02 · Django practice
Django product engineering & legacy codebase rescue.
For CTOs, VPs of Engineering and founders running scaling SaaS or Fintech platforms — the team that brings nine-year-old Django monoliths back to life without a maintenance window, a death-march rewrite, or burning out the engineers who actually understand the code.
Sound familiar?
- Average response time has crept from 200ms to 1.4s over two years and nobody knows exactly when
- The Django upgrade is blocked by three unmaintained third-party packages that nobody dares replace
- Multi-tenant database is one bad query away from a noisy-neighbour incident
- "Fat models" file is 2,400 lines, the view file is 3,800, and the test suite skips half of them
- OWASP scan flagged eleven mediums and your security team needs a path to "all green" by quarter-end
- Senior engineer who built the original system is leaving in 90 days
The rescue & stabilisation framework.
Big-bang rewrites are how engineering teams end careers, not how they ship value.
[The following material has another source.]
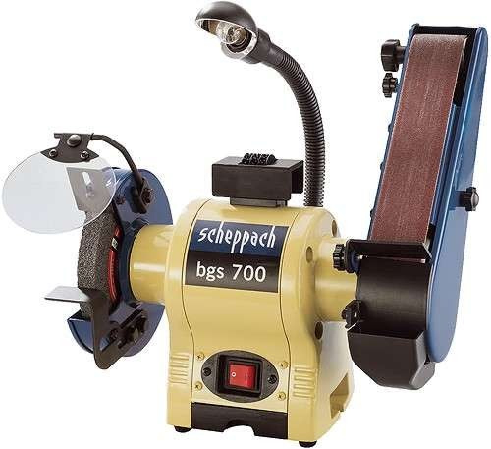 Kombinovaná bruska Scheppach BGS 700 má hrubší a jemný brusný kotouč a je ideální k broušení jak kovových, tak i nekovových, dřevěných a plastových materiálů.
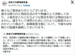 プロ野球選手会 “上沢問題”波紋で再投稿「人格否定ともとれるような発言を受ける理由はありません」

Every codebase we've ever rescued has been modernised through small, reversible, telemetry-gated steps — Strangler Fig at the routing layer, Branch by Abstraction at the module layer. The legacy code keeps running until it has zero traffic. Then it gets deleted.
Stop the bleeding
First two weeks. Find and triage the bugs and queries that are paging your team on weekends. Quick fixes only; no architectural changes yet.
Map the seams
Static analysis, runtime tracing and dependency-graph extraction to identify the natural boundaries inside the monolith. The map is the contract — we modernise along seams, not against them.
Capture ground truth
Production traffic for the affected routes is captured (request, headers, response, timing) for replay. This is the regression harness — not the existing test suite, which is often the source of the original bug.
Strangler Fig routing
A proxy layer (nginx/Envoy or a Django middleware shim) routes a percentage of traffic to the modernised module. Replay-validated. Feature-flagged. Rolled back if metrics drift.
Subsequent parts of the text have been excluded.